The Shorebird Marathon team was based at Aropuk Lake, the most important post-breeding staging area for Hudsonian Godwits west of Hudson Bay.  FWS biologist Jim Johnson (Migratory Bird Management—Anchorage), an expert on Hudsonian Godwits, joined the expedition to share his experiences capturing and banding godwits in South America with the students.  Amazingly, one of the godwits that Johnson had color-marked thousands of kilometers away in Chile just a few months earlier was seen during the project at Aropuk Lake. Our other adult participants also brought a wealth of expertise to the project.
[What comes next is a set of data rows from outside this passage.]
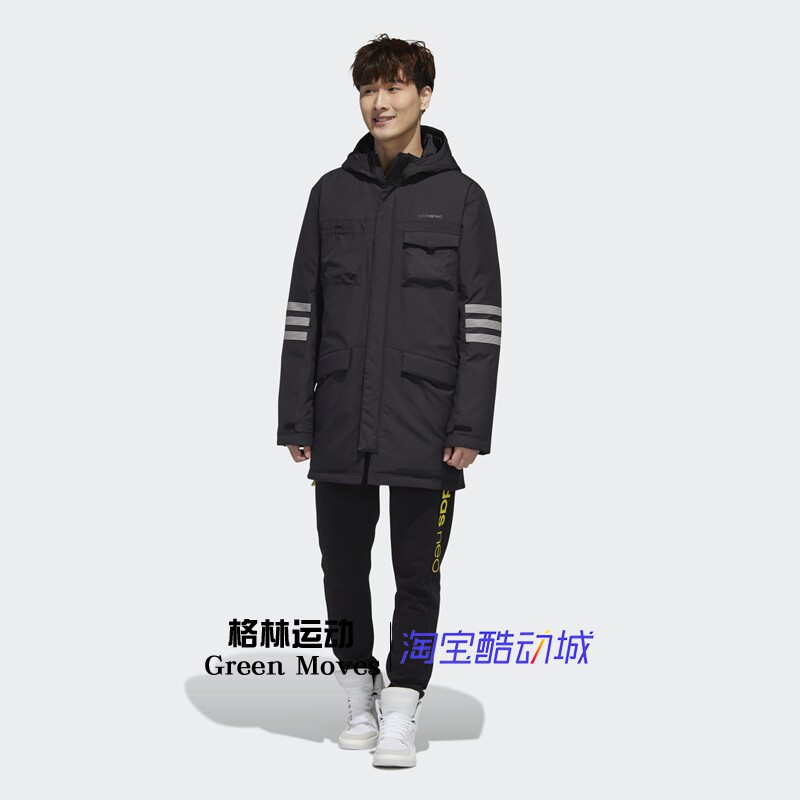 Adidas, комфортный длинный ветрозащитный удерживающий тепло спортивный пуховик с капюшоном, средней длины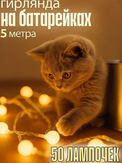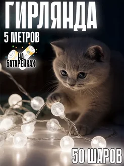 Гирлянда холодный свет на батарейках 5 м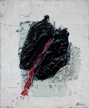 BORGHI Alfonso Campegine di Reggio Emilia 1944 En el blanco infinito, i que pura y larga herida dejò su fantasia, 2002 olio su tela, cm. 80 x 60 Firma 'A. Borghi' (in basso a destra) Titolo, tecnica, misure, data, firma 'En el blanco infinito, i que pura y larga herida dejò su fantasia (F. G. Lorca), olio su tela, 80x60 cm, 02, A. Borghi' (al retro) Autentica dell'artista su fotografia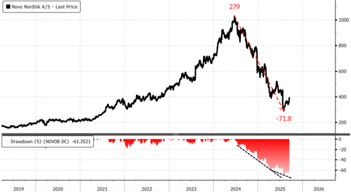 Shares of Novo Nordisk in Copenhagen surged 7% on the announcement of the study, but remain down 36.5% year-to-date and more than 61.5% below the June 2024 peak of DKK 1,000. For Goldman analysts like Novo superbull James Quigley, the question is whether the 37% rebound since early August marks an actual bottom, or just another dead cat bounce.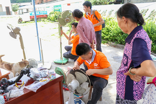 为了更好地发挥社会实践团队员们的专业特长,2018年7月14日,实践团在黄关镇商家村党群服务中心开展了义务维修活动。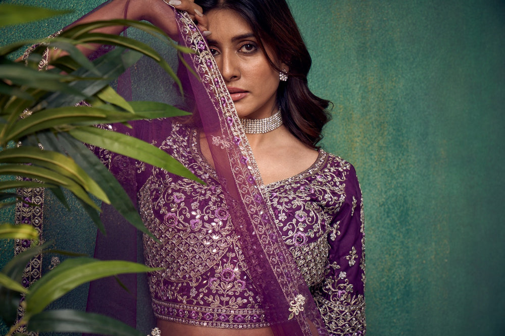 Step into grace with this heavily embroidered royal purple lehenga, paired with a beautifully designed blouse and a sheer net dupatta. A must-have for weddings and festive occasions!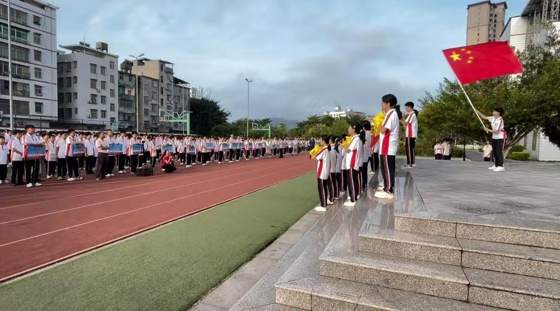 9月29日清晨,永定第二中学在学校操场举行“七十六载盛世华章”千人齐诵主题活动,庆祝中华人民共和国成立76周年,厚植青少年家国情怀。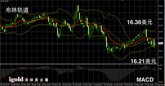 白银阴阳烛录得阴阳烛间隔出现,末端柱体低于红色日均线,短线MACD显示弱势空头主导,白银价格或持稳16.25美元后,偏于上探16.32美元附近,低位支撑可首先参考16.2美元附近。

The principal investigators of the Pacific Shorebird Migration Project, Robert E. Gill, Jr. (U.S. Geological Survey, Alaska Science Center) and Nils Warnock (formerly PRBO Conservation Science, now Univ. of California at Davis), taught students how to capture, band, and record data for shorebirds.  Students learned how use both mist-nets and walk-in traps to catch turnstones, sandpipers, and phalaropes.  One of the Western Sandpipers captured by the students had actually been banded by Warnock and his colleagues in California several years earlier.  Gill also gave a PowerPoint presentation in one of the camp’s gazebo tents, using the back of the Service’s Connecting Kids with Nature banner as a screen.  He summarized the work that the Pacific Shorebird Migration Project has done using satellite transmitters to track Bar-tailed Godwits and Bristle-thighed Curlews as they migrate for days across the middle of the Pacific Ocean.  Science teachers Andrea Pokrzywinski (Lower Kuskokwim School District) and Ayme Johnson (Highland Tech High School) designed and led several exercises on topics such as wildlife observation, data collection, and data analysis.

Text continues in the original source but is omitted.